ABOUT THIS EXERCISE: Transcribe only part of the material below: the lines from the one containing "листопада 2025 року." through the one containing "dated November 2024.", inclusive, exactly as written.

MATERIAL PROVIDED: Begin

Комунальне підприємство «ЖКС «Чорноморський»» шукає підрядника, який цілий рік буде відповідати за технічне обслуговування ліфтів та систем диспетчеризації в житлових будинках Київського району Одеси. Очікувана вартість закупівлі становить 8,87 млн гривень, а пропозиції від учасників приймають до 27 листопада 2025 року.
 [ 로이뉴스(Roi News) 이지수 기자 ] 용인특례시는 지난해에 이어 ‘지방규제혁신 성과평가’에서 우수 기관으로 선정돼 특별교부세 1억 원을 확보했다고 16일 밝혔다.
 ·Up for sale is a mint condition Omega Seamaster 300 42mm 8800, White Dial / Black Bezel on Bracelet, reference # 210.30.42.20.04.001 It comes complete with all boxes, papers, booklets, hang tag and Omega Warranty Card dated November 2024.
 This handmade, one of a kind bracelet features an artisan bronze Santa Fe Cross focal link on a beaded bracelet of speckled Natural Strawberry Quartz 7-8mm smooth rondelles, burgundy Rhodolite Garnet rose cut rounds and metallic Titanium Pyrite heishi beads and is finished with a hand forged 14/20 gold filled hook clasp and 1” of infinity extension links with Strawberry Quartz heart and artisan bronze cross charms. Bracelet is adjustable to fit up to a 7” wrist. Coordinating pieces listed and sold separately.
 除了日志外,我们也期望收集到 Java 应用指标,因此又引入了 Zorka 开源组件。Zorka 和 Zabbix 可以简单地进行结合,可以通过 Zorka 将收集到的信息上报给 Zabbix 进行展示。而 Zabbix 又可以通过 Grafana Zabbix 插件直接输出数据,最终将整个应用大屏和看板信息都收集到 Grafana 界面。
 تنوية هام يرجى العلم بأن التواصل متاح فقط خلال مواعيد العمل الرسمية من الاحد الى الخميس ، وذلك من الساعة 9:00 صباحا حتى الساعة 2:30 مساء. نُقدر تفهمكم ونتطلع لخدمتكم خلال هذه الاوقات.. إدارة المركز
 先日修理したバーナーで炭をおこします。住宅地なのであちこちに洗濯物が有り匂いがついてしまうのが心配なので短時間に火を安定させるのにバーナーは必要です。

MATERIAL PROVIDED: End
MATERIAL PROVIDED: Begin

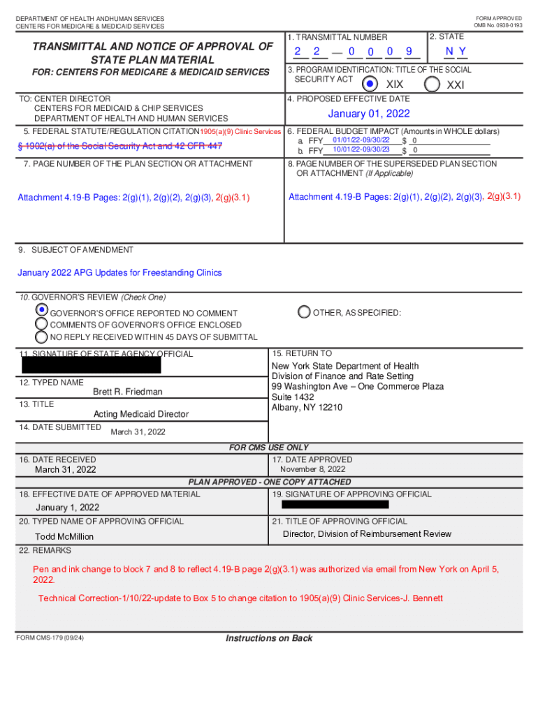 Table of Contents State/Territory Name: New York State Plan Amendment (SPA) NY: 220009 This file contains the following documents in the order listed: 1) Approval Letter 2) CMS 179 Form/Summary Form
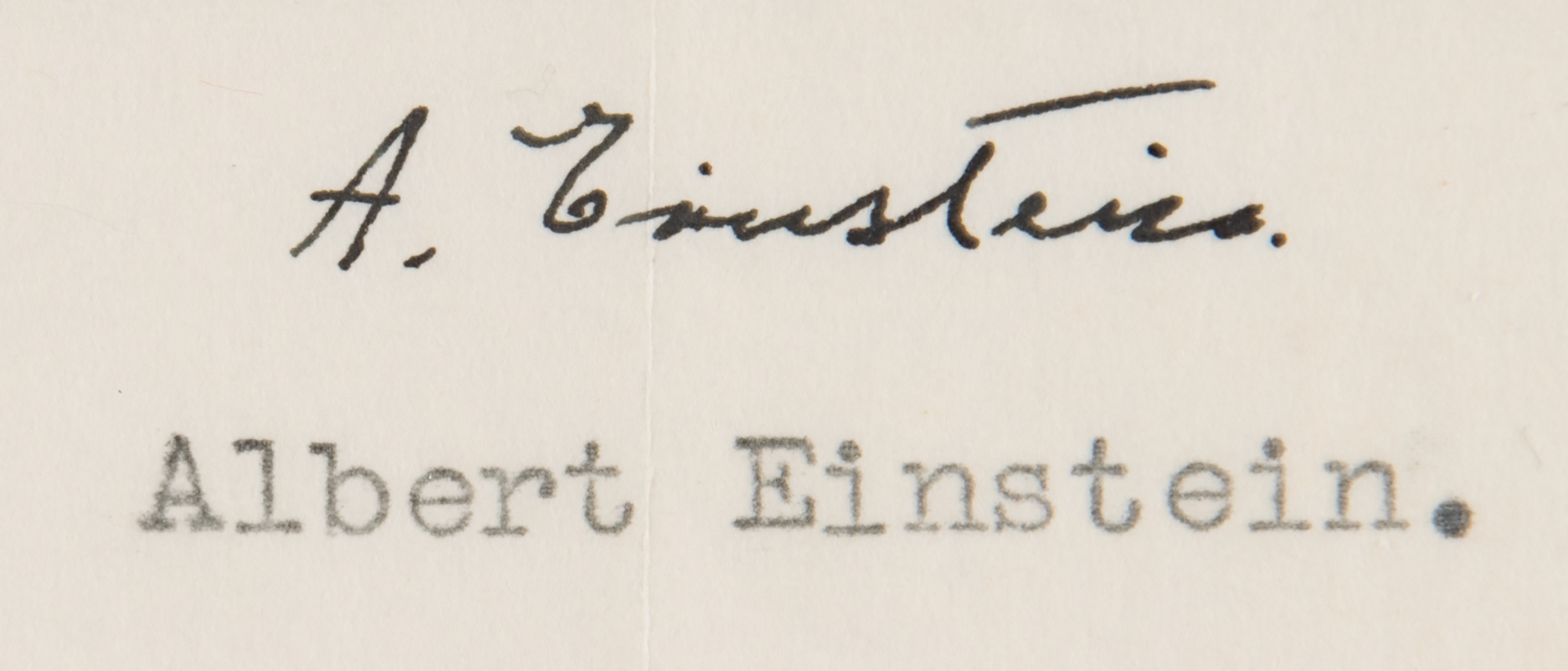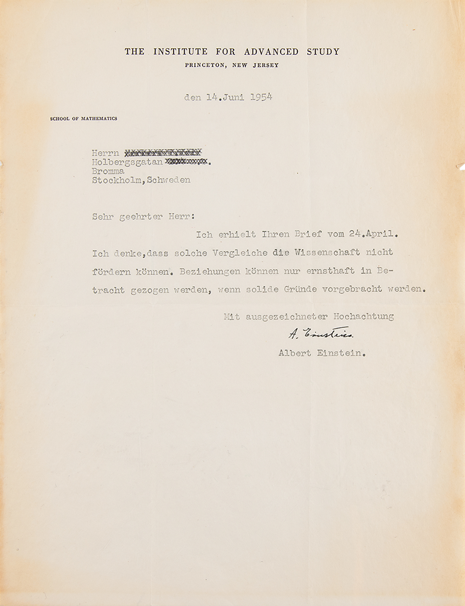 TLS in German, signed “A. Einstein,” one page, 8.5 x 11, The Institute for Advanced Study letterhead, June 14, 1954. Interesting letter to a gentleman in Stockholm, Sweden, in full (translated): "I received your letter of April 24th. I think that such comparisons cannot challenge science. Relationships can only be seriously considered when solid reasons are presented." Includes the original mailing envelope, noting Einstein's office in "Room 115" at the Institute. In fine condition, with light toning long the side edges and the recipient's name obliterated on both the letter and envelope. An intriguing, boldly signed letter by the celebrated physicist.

MATERIAL PROVIDED: End

SOLUTION TO THIS EXERCISE:
Комунальне підприємство «ЖКС «Чорноморський»» шукає підрядника, який цілий рік буде відповідати за технічне обслуговування ліфтів та систем диспетчеризації в житлових будинках Київського району Одеси. Очікувана вартість закупівлі становить 8,87 млн гривень, а пропозиції від учасників приймають до 27 листопада 2025 року.
 [ 로이뉴스(Roi News) 이지수 기자 ] 용인특례시는 지난해에 이어 ‘지방규제혁신 성과평가’에서 우수 기관으로 선정돼 특별교부세 1억 원을 확보했다고 16일 밝혔다.
 ·Up for sale is a mint condition Omega Seamaster 300 42mm 8800, White Dial / Black Bezel on Bracelet, reference # 210.30.42.20.04.001 It comes complete with all boxes, papers, booklets, hang tag and Omega Warranty Card dated November 2024.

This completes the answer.